[COLLECTED DATA — start]

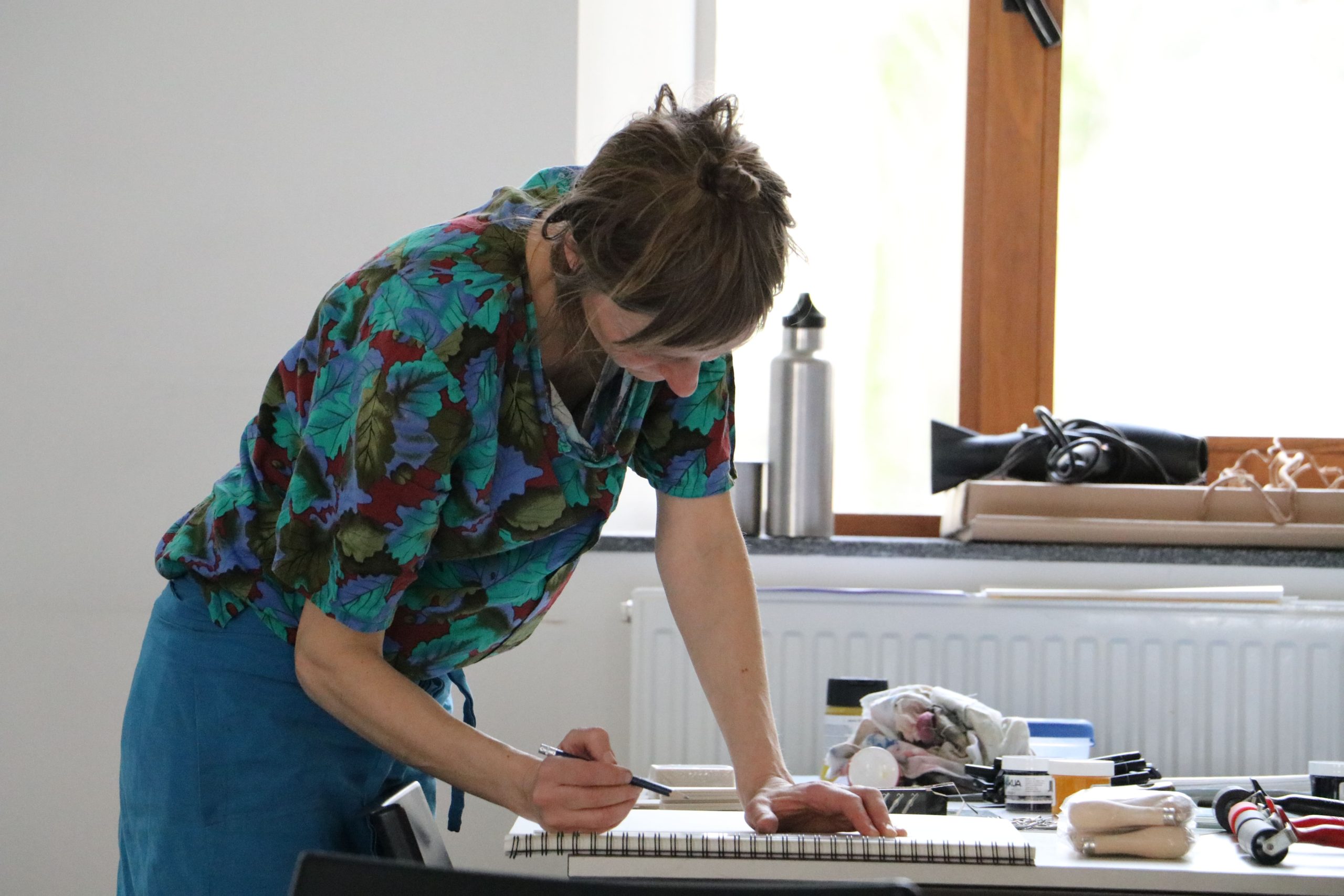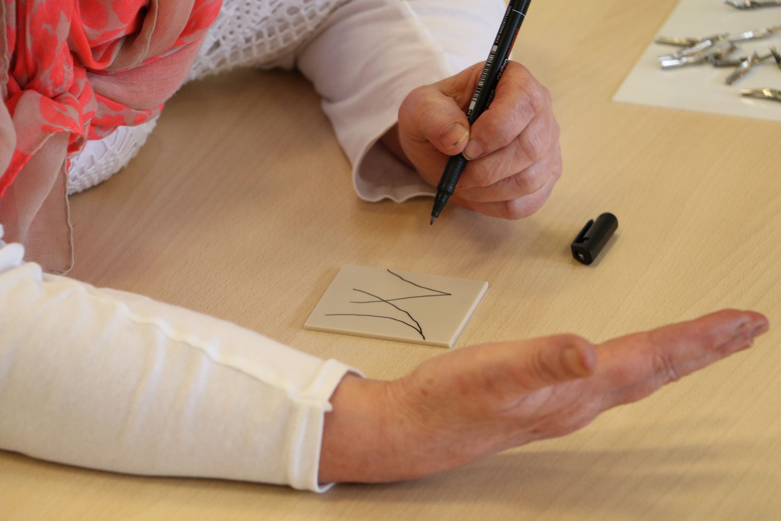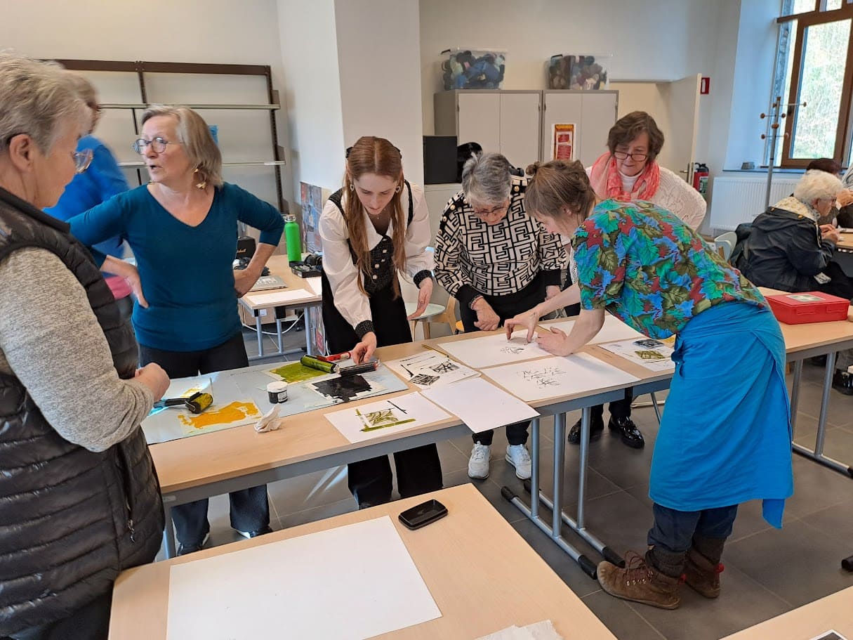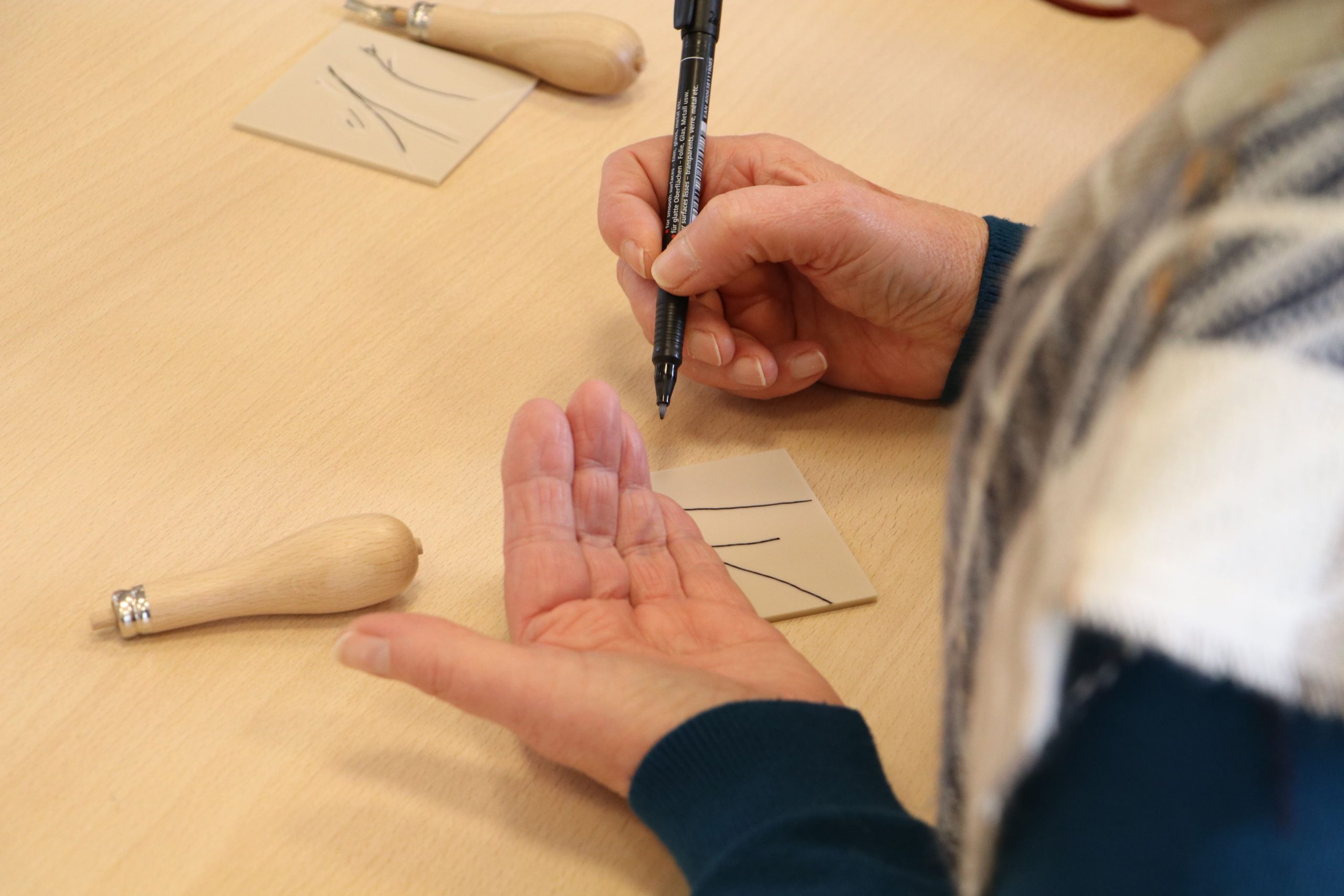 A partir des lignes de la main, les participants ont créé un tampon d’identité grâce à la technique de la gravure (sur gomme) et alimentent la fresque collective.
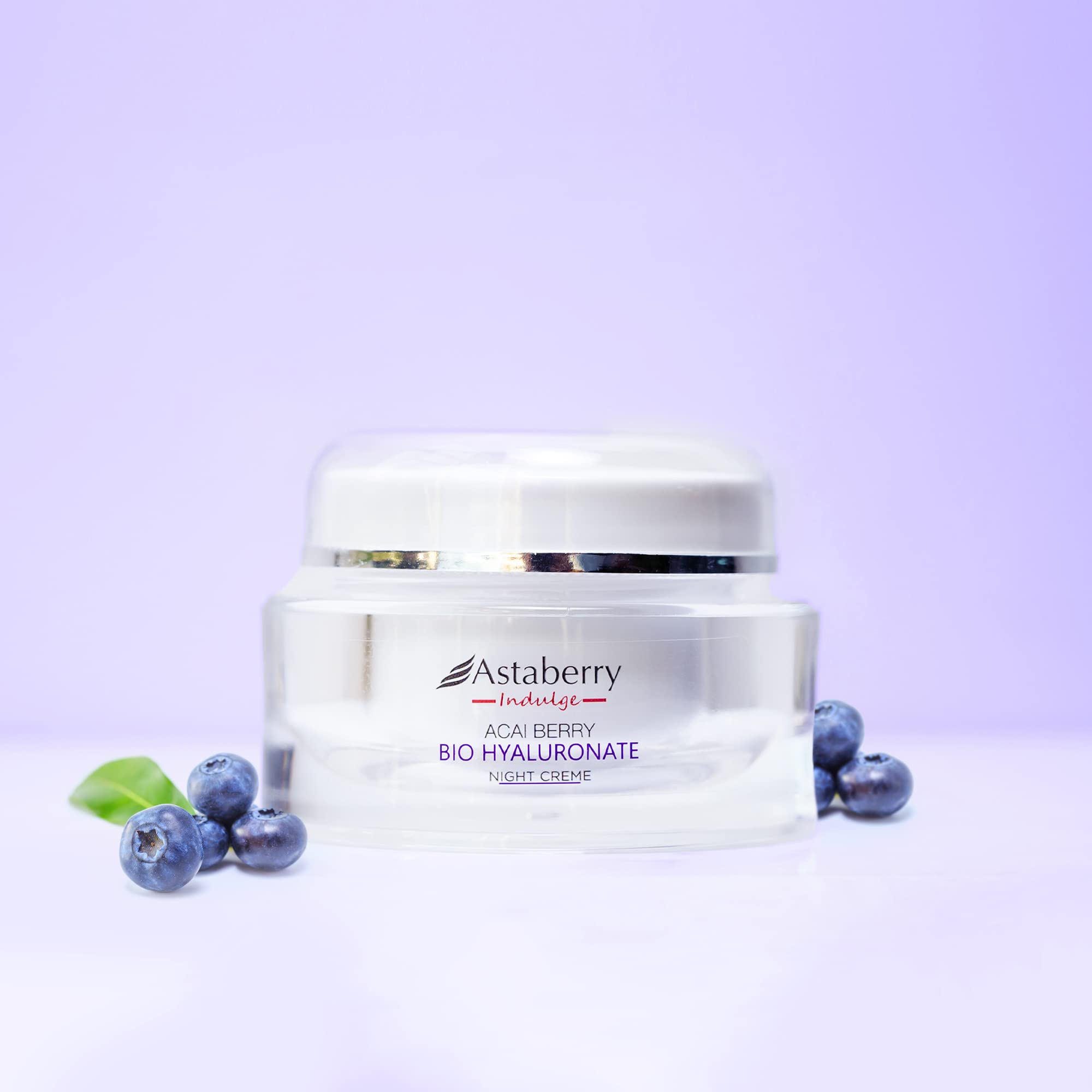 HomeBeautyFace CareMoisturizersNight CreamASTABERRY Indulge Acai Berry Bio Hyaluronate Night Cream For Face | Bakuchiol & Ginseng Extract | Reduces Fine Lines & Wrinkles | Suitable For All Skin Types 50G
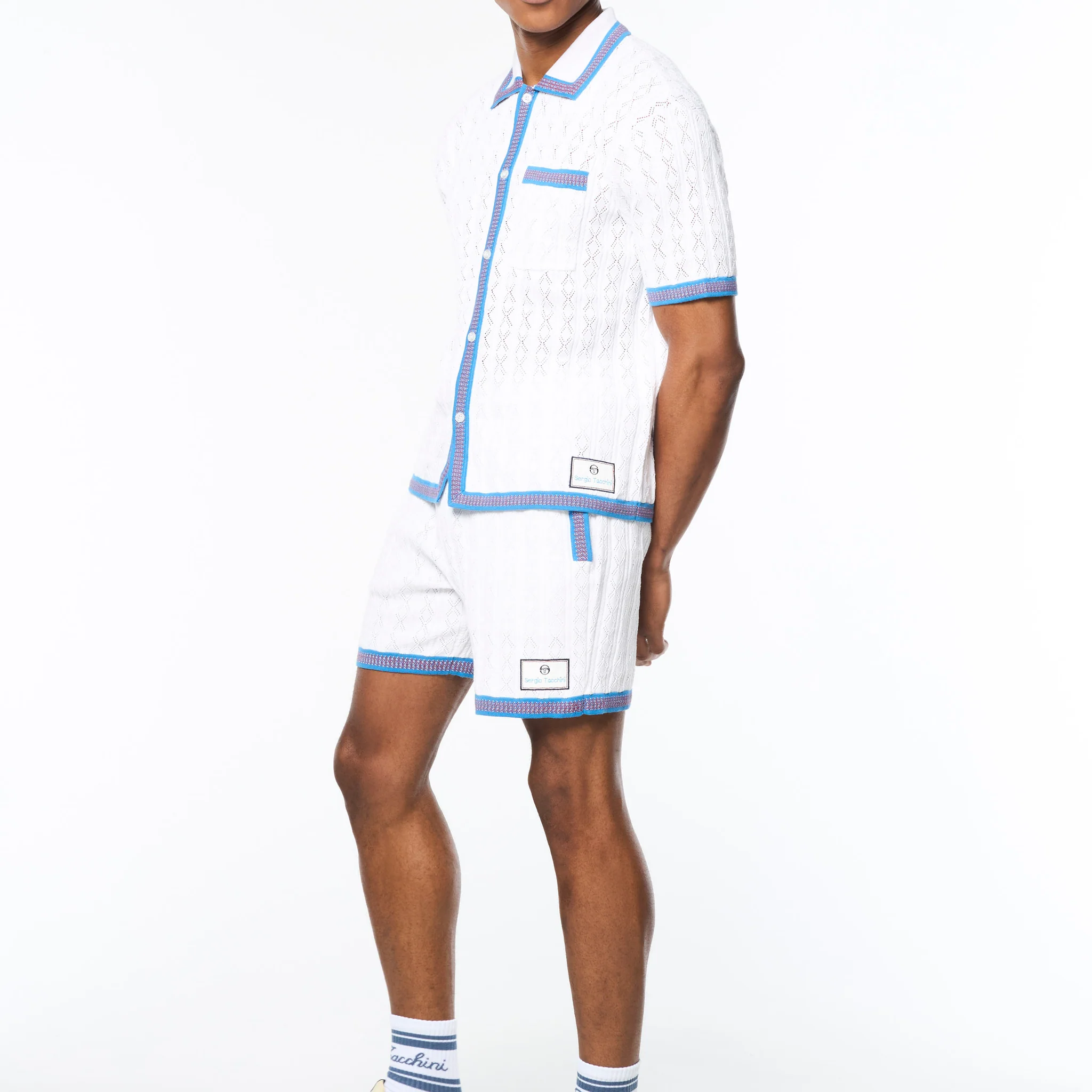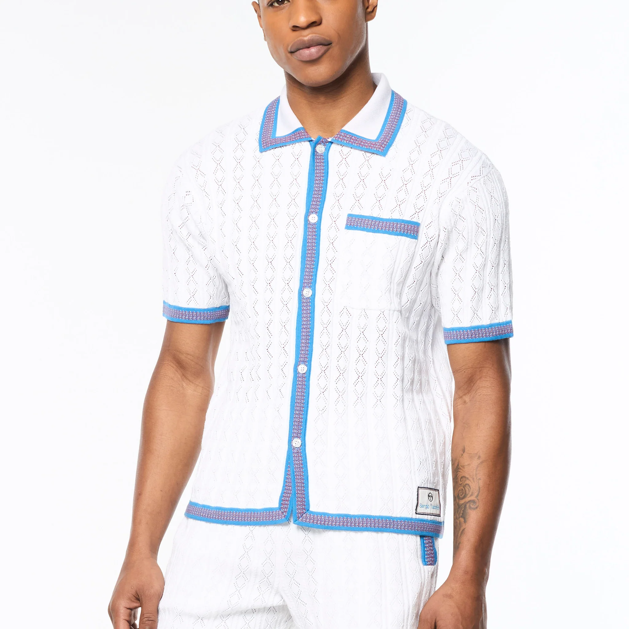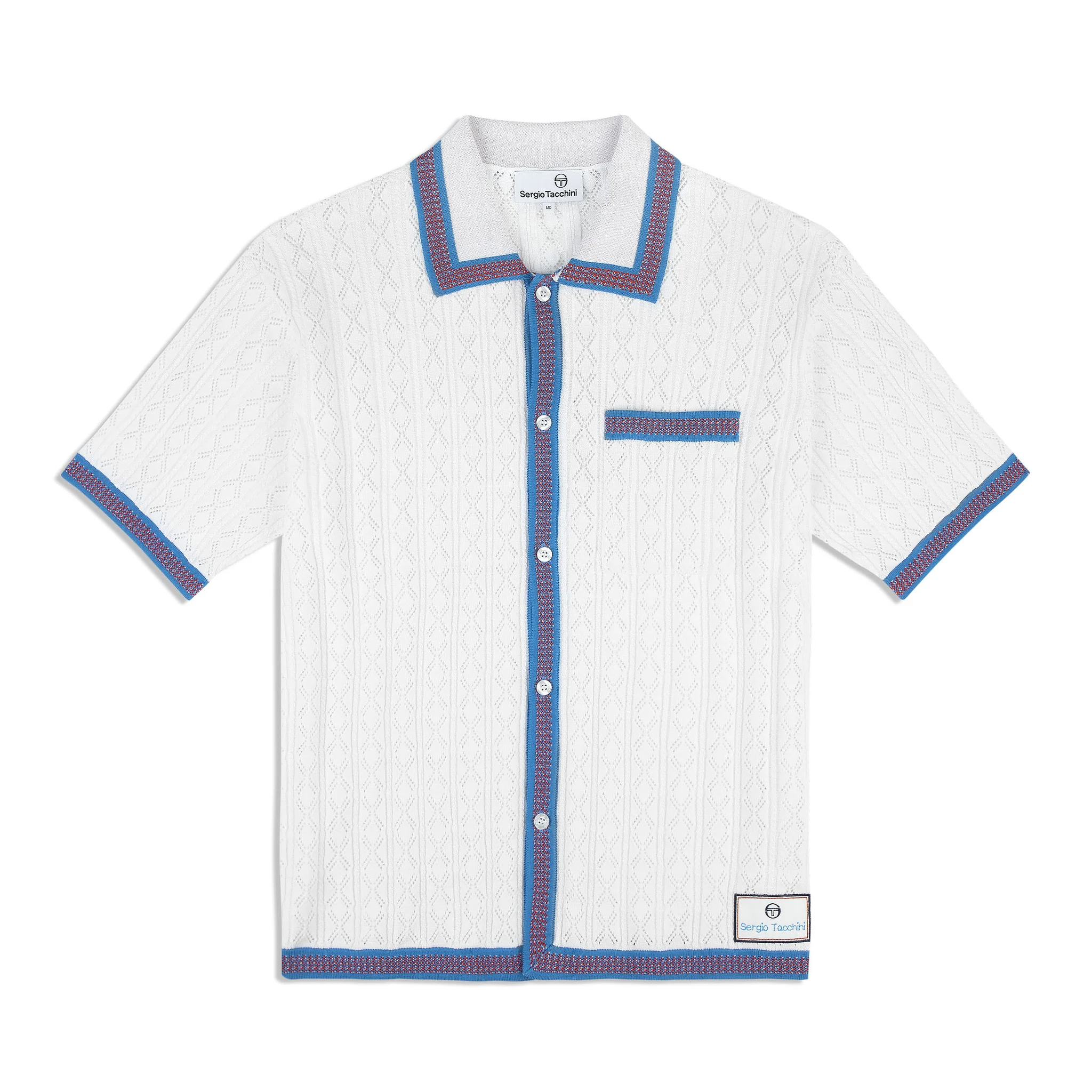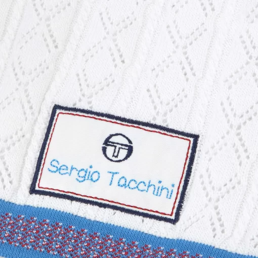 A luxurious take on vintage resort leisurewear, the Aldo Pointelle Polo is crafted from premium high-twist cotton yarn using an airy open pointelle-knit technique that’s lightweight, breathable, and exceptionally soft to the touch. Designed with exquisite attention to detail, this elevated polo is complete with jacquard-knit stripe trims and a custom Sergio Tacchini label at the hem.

[COLLECTED DATA — finish]

ASSIGNMENT:
Write the material out again exactly. Skip each picture.

FINISHED TASK:
 A partir des lignes de la main, les participants ont créé un tampon d’identité grâce à la technique de la gravure (sur gomme) et alimentent la fresque collective.
 HomeBeautyFace CareMoisturizersNight CreamASTABERRY Indulge Acai Berry Bio Hyaluronate Night Cream For Face | Bakuchiol & Ginseng Extract | Reduces Fine Lines & Wrinkles | Suitable For All Skin Types 50G
 A luxurious take on vintage resort leisurewear, the Aldo Pointelle Polo is crafted from premium high-twist cotton yarn using an airy open pointelle-knit technique that’s lightweight, breathable, and exceptionally soft to the touch. Designed with exquisite attention to detail, this elevated polo is complete with jacquard-knit stripe trims and a custom Sergio Tacchini label at the hem.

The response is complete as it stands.